Leave out the pictures and output exactly the lines below from the one with "1906 Indian Cent" down to the one with "Muestra a tu", both of them included.

### Data under study
•••••

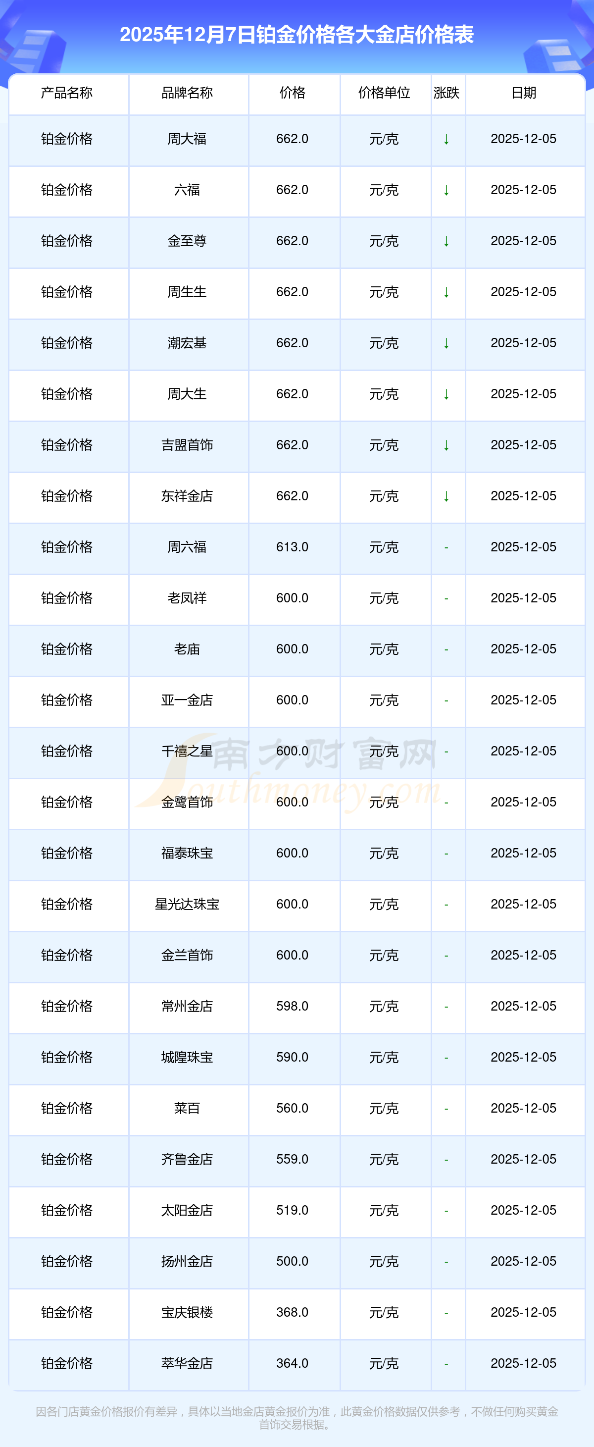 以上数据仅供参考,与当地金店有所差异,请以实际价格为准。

•••••

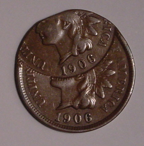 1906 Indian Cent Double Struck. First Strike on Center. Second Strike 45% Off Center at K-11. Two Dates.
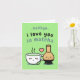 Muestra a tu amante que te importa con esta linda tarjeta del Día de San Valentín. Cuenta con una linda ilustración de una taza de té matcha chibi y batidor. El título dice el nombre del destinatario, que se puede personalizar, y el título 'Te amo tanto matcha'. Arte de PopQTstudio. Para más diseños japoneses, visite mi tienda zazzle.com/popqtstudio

•••••

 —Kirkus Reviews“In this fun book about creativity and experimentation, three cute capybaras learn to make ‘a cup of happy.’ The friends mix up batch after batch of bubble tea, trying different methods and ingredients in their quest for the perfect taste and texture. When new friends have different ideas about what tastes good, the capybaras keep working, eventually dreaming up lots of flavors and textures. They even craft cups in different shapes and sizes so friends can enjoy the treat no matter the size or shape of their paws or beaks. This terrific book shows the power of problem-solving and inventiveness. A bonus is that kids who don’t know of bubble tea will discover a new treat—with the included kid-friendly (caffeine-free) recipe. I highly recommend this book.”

•••••

### Written response
 1906 Indian Cent Double Struck. First Strike on Center. Second Strike 45% Off Center at K-11. Two Dates.
 Muestra a tu amante que te importa con esta linda tarjeta del Día de San Valentín. Cuenta con una linda ilustración de una taza de té matcha chibi y batidor. El título dice el nombre del destinatario, que se puede personalizar, y el título 'Te amo tanto matcha'. Arte de PopQTstudio. Para más diseños japoneses, visite mi tienda zazzle.com/popqtstudio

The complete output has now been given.